Get all your news in one place.
100’s of premium titles.
One app.
Start reading
The Guardian - UK
The Guardian - UK
Sport
Josh Halliday North of England correspondent

Ryan Giggs domestic abuse trial was case without winners

Ryan Giggs pictured last year
Ryan Giggs was told on on Tuesday that the charges had been dropped. Photograph: Ed Sykes/Reuters

He is the most decorated footballer of the English game but Ryan Giggs may celebrate the end of his court case more than any medal he won on the pitch.

Almost 1,000 days after he was arrested on suspicion of assault and domestic abuse, the former Manchester United player was told on Tuesday that the charges had been dropped because his ex-partner, Kate Greville, no longer wished to give evidence.

The original trial last summer had “taken its toll” on Greville, Manchester crown court was told, and without her testimony prosecutors decided there wasn’t a realistic prospect of conviction.

Giggs was charged with using coercive and controlling behaviour. Two further charges of assault, against Greville and her sister Emma, were also dropped as the judge, Hilary Manley, formally found Giggs not guilty in a hearing lasting less than five minutes.

Giggs, 49, was not in court to celebrate the outcome – but in reality it is a case without winners.

The former footballer, who quit his “dream job” as Wales manager after his arrest, admitted in court last year that he had sent streams of expletive-laden, abusive, aggressive and at times threatening messages to Greville, 38, during their “toxic” on-off relationship.

He admitted under oath that he had never been faithful in any of his previous relationships, including to his wife – the mother of his two children – whom he cheated on with his sister-in-law for eight years and then, three years later, began an affair with Greville.

Under cross-examination, Giggs was asked about his messages to Greville, including one email that said: “I’m so fucking mad right now I’m scaring myself because I could do anything.”

“That was your threat that you sent to this woman?” asked the prosecutor, Peter Wright KC. “Yes,” said Giggs. “It wasn’t an idle threat, was it?” asked Wright. “No,” said Giggs. “What were you suggesting that you could do?” asked the barrister. “I don’t know,” said Giggs. “Well, help us,” said Wright. The defendant stared back silently at his interrogator, helpless and lost for words.

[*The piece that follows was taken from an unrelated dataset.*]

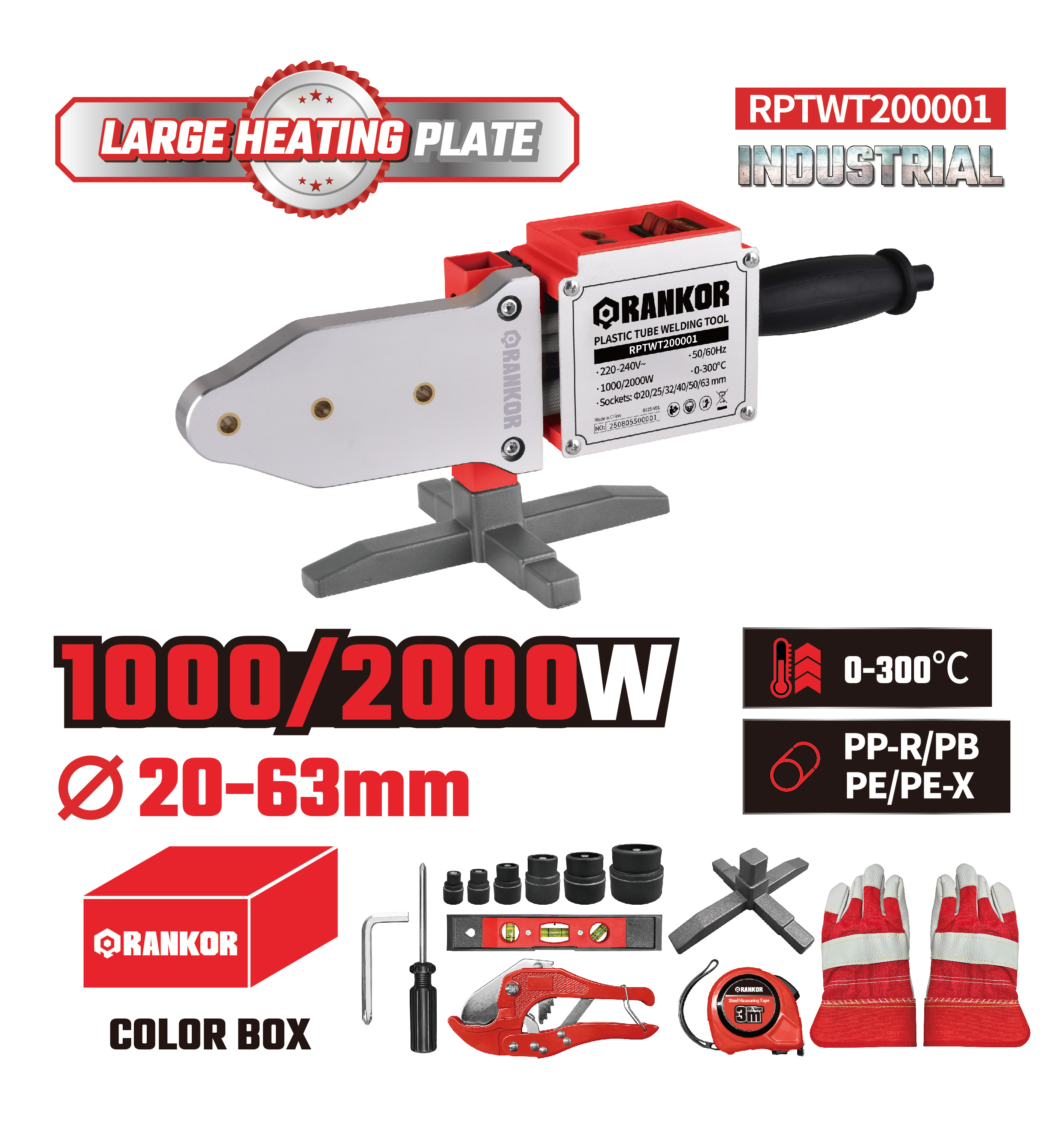 Large heating plate, can heat melt Φ20 PVC pipe within 15 seconds.

But it was not Giggs’s morality under the microscope, it was whether he committed the criminal acts alleged: using coercive and controlling behaviour on Greville over a period of three years, and of assaulting her and her younger sister on 1 November 2020.

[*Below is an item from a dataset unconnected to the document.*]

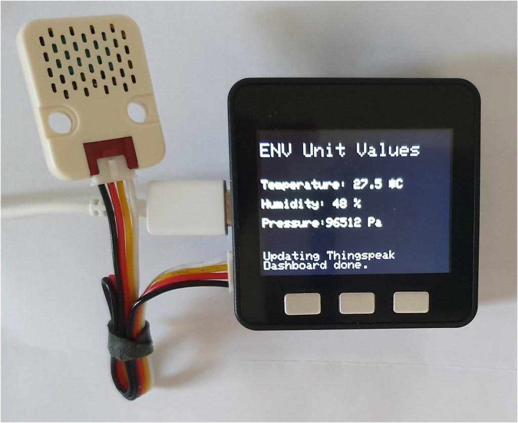 Die ENV Unit ist ein Umgebungssensor, der zur Messung von Temperatur, relativer Luftfeuchtigkeit und Luftdruck verwendet werden kann. Intern werden die Sensoren DHT12 und BMP280 verwendet.

After deliberations lasting more than 23 hours, the jury was discharged after failing to reach verdicts. It was an unsatisfying conclusion for all involved.

Giggs’s barrister, Chris Daw QC, had accused Greville of telling “so many lies” that the allegations could not possibly be true.

The alleged head-butt was “something that was created”, he told the jury, while claims of psychological abuse were examples of “exaggeration and twisting” by a “scorned” woman who was furious about his infidelity.

It may not be surprising that Greville did not wish to put herself through a second trial, which had been due to start in two weeks.

Domestic abuse charities had seen the case as a “watershed” moment for the relatively novel charge of coercive control, which was introduced in 2015 to explicitly criminalise a form of abuse that may be non-physical but can cause significant harm.

The charge remains little understood – one of the first questions asked by jurors in the Giggs trial was: “What is gaslighting?” – and its conviction rate is poor.

Office for National Statistics figures show only 1,403 people were prosecuted in the year to March 2021, despite police recording almost 34,000 offences. Fifty-two per cent of the 1,403 people charged went on to be convicted in 2019, according to a Crown Prosecution Service review published in 2021.

Giggs will now seek to rebuild “his life and career as an innocent man”, his barrister told the court on Tuesday. He will no doubt be welcomed back by the world of football and may return to coaching sooner than even he expected.

Sign up to read this article
Read news from 100’s of titles, curated specifically for you.
Already a member? Sign in here
Related Stories
Top stories on inkl right now
One subscription that gives you access to news from hundreds of sites
Already a member? Sign in here
Our Picks
Fourteen days free
Download the app
One app. One membership.
100+ trusted global sources.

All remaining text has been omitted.